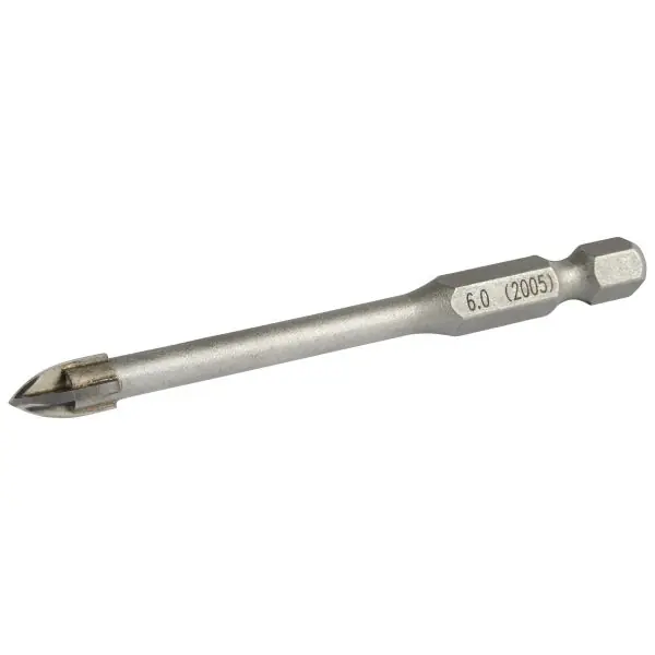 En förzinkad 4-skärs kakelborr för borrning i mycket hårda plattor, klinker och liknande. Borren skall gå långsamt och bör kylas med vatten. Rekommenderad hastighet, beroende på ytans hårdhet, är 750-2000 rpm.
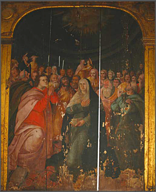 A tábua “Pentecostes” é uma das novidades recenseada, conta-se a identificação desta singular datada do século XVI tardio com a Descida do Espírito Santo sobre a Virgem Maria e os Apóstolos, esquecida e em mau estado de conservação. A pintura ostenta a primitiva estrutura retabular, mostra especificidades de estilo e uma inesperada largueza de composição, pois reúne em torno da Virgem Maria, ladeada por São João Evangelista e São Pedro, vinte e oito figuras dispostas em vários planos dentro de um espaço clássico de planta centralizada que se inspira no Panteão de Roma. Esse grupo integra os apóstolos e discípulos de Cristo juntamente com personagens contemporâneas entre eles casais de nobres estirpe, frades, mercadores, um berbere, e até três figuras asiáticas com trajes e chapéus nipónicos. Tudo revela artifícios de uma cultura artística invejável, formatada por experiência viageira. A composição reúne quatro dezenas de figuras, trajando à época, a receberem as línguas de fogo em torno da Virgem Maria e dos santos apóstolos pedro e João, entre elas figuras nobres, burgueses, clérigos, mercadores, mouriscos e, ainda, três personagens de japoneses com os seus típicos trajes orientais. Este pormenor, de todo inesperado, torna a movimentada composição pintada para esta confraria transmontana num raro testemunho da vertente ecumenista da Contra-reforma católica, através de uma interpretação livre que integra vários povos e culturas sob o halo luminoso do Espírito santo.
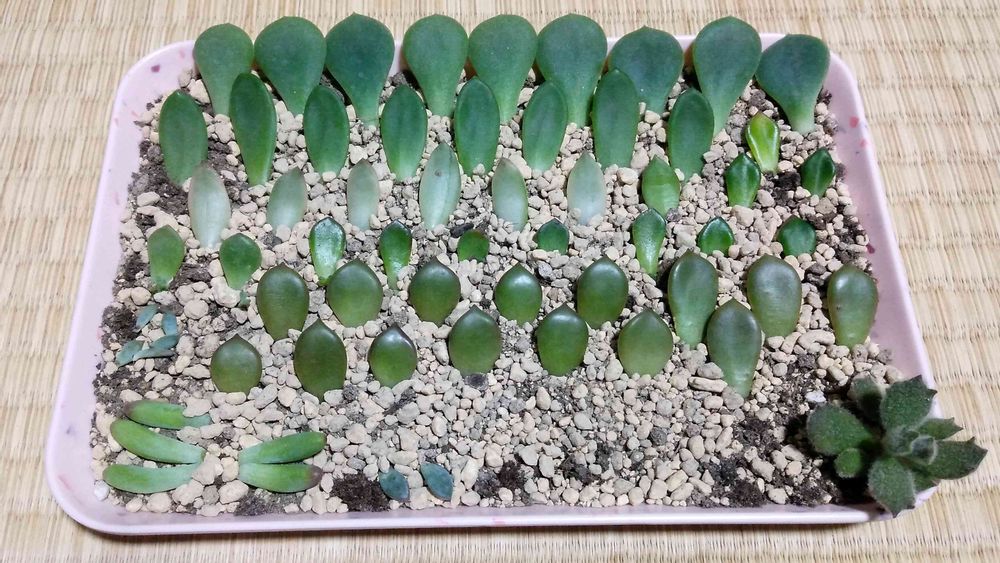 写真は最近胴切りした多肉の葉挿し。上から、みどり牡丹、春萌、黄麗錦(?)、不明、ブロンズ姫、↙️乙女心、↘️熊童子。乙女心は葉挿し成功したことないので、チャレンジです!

*What the task asks:* The answer is the full listing above, reproduced character for character, minus its images.

*Task response:*
 En förzinkad 4-skärs kakelborr för borrning i mycket hårda plattor, klinker och liknande. Borren skall gå långsamt och bör kylas med vatten. Rekommenderad hastighet, beroende på ytans hårdhet, är 750-2000 rpm.
 A tábua “Pentecostes” é uma das novidades recenseada, conta-se a identificação desta singular datada do século XVI tardio com a Descida do Espírito Santo sobre a Virgem Maria e os Apóstolos, esquecida e em mau estado de conservação. A pintura ostenta a primitiva estrutura retabular, mostra especificidades de estilo e uma inesperada largueza de composição, pois reúne em torno da Virgem Maria, ladeada por São João Evangelista e São Pedro, vinte e oito figuras dispostas em vários planos dentro de um espaço clássico de planta centralizada que se inspira no Panteão de Roma. Esse grupo integra os apóstolos e discípulos de Cristo juntamente com personagens contemporâneas entre eles casais de nobres estirpe, frades, mercadores, um berbere, e até três figuras asiáticas com trajes e chapéus nipónicos. Tudo revela artifícios de uma cultura artística invejável, formatada por experiência viageira. A composição reúne quatro dezenas de figuras, trajando à época, a receberem as línguas de fogo em torno da Virgem Maria e dos santos apóstolos pedro e João, entre elas figuras nobres, burgueses, clérigos, mercadores, mouriscos e, ainda, três personagens de japoneses com os seus típicos trajes orientais. Este pormenor, de todo inesperado, torna a movimentada composição pintada para esta confraria transmontana num raro testemunho da vertente ecumenista da Contra-reforma católica, através de uma interpretação livre que integra vários povos e culturas sob o halo luminoso do Espírito santo.
 写真は最近胴切りした多肉の葉挿し。上から、みどり牡丹、春萌、黄麗錦(?)、不明、ブロンズ姫、↙️乙女心、↘️熊童子。乙女心は葉挿し成功したことないので、チャレンジです!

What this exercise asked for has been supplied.